Abstract

Intense mobility of people and languages driven by tourism, which propels “cultural transformation of places” (Urry, 1995:2) across the world, is manifested in their linguistic landscapes through varying regimes of multilingualism. Linguistic landscapes, which render themselves for “visual consumption” (Urry, 2005), emerge from the sedimentation and synchronization of diachronic semiotic processes which index current societal developments. The recent period of the COVID-19 pandemic has had a noticeable impact on linguistic landscapes globally through the emergence of a noticeable and coherent layer of pandemic regulatory signage. In a longitudinal study covering the period between the outbreak of the pandemic in March 2020 to its decline in August 2022, we trace the implementation of regulatory measures in a highly frequented tourist region in Slovakia whereby the actors involved in the tourist industry implemented the official pandemic legislature aimed at preventing the spread of the disease.
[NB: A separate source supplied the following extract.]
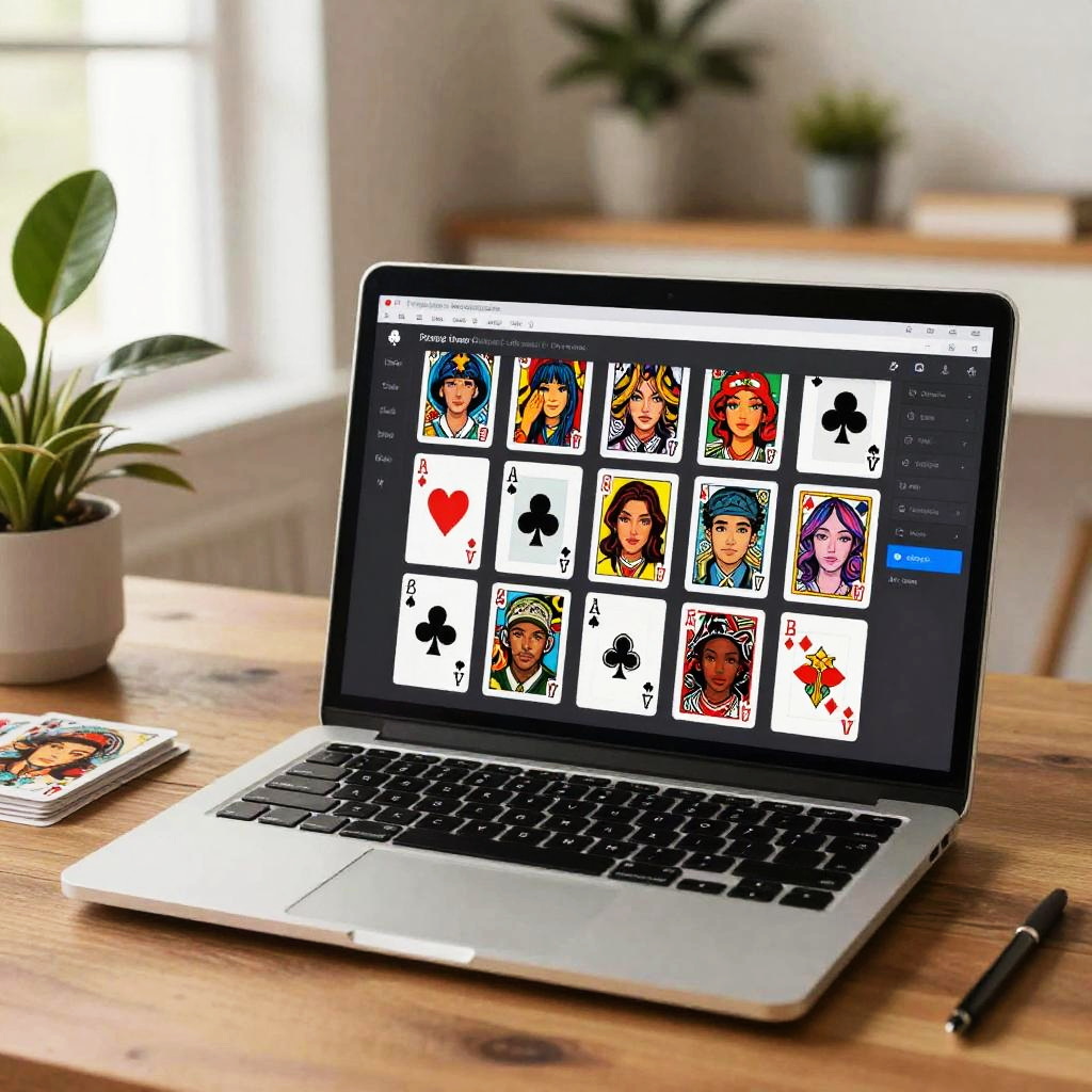Playing card maker free software interface on a sleek laptop screen, vibrant custom card designs with unique suits and faces, user-friendly UI, a cozy room with plants and bright ambient light, vivid and detailed digital art style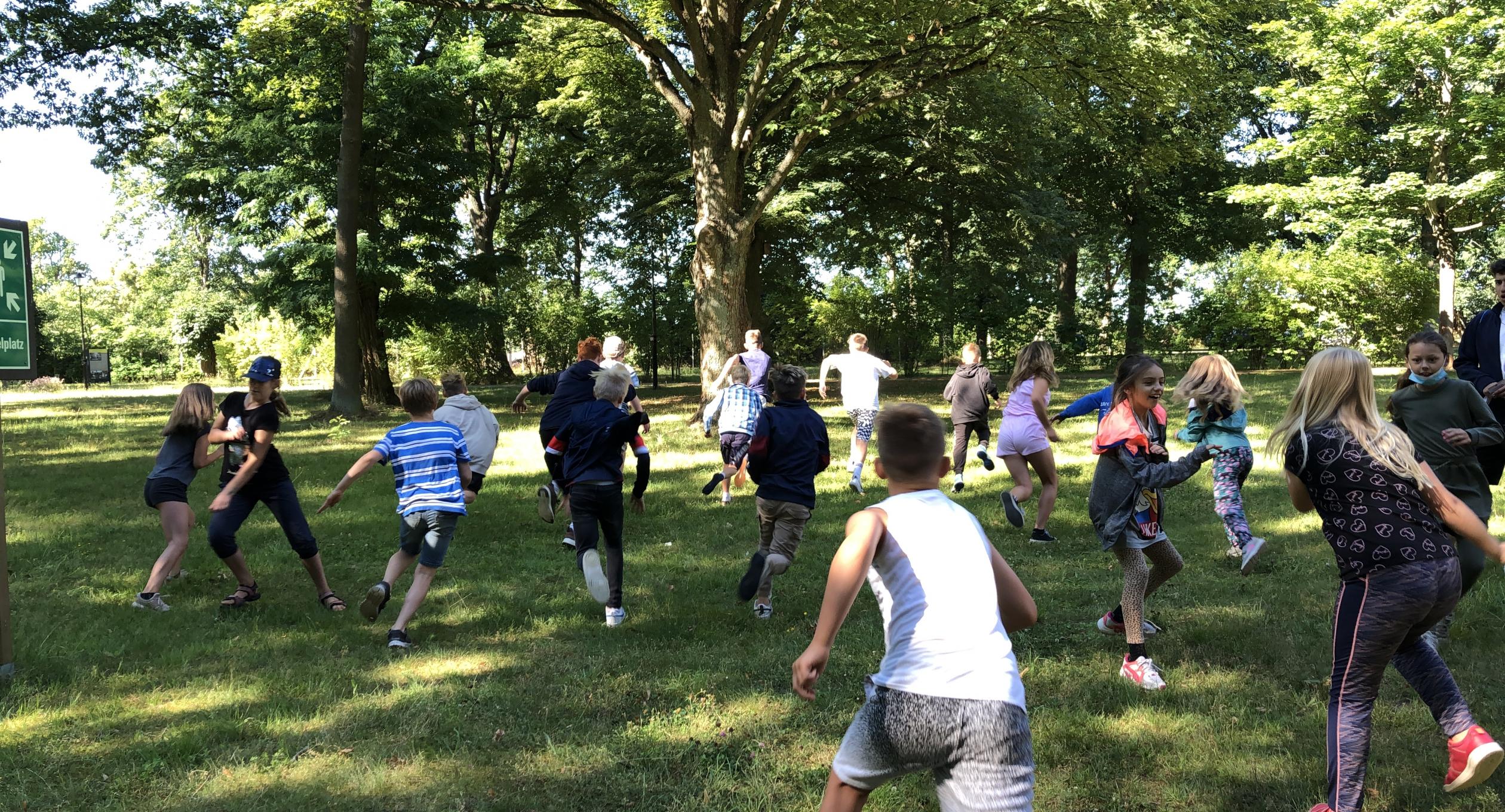 Kinder rennen aufgeregt über das Gelände, Spielgeldscheine fliegen durch die Gegend und werden hektisch in die Socken oder unter das T-Shirt gestopft. Dahinten im Gebüsch schleicht ein Junge durch das Unterholz, er trägt ein gelbes Regencape und eine Sonnenbrille, die Mütze hat er sich tief ins Gesicht gezogen – „Banküberfall“ im Kurt Löwenstein Haus! Die Kinder, die da als Schmuggler*innen und Spion*innen über das Gelände toben, sind Teil der Kreativferienwerkstatt „So sehen wir das! – Kinder reden mit“. Die 8-12-Jährigen aus Berlin und Brandenburg gaben den Startschuss für das diesjährige Ferienprogramm der Jugendbildungsstätte Kurt Löwenstein. Einige von ihnen kommen schon seit vielen Jahren. So auch der 11-jährige Max. Für ihn ist die Fahrt in den Sommerferien ein echter Höhepunkt: „Ich freue mich total auf die anderen Kinder, ich treffe alte Freunde und lerne immer wieder neue Kinder kennen.“

Our overall goal is to explore the management of “pandemic regulatory discourse”, i.e., how producers of regulatory signage manage multimodal resources to convey their authority and stance towards regulations, to legitimize regulatory measures, and to ensure compliance with them. The study is grounded in the theoretical-methodological approaches of ethnographic linguistic landscape studies, geosemiotics, sociolinguistics of globalization, sociopragmatics, and language management theory.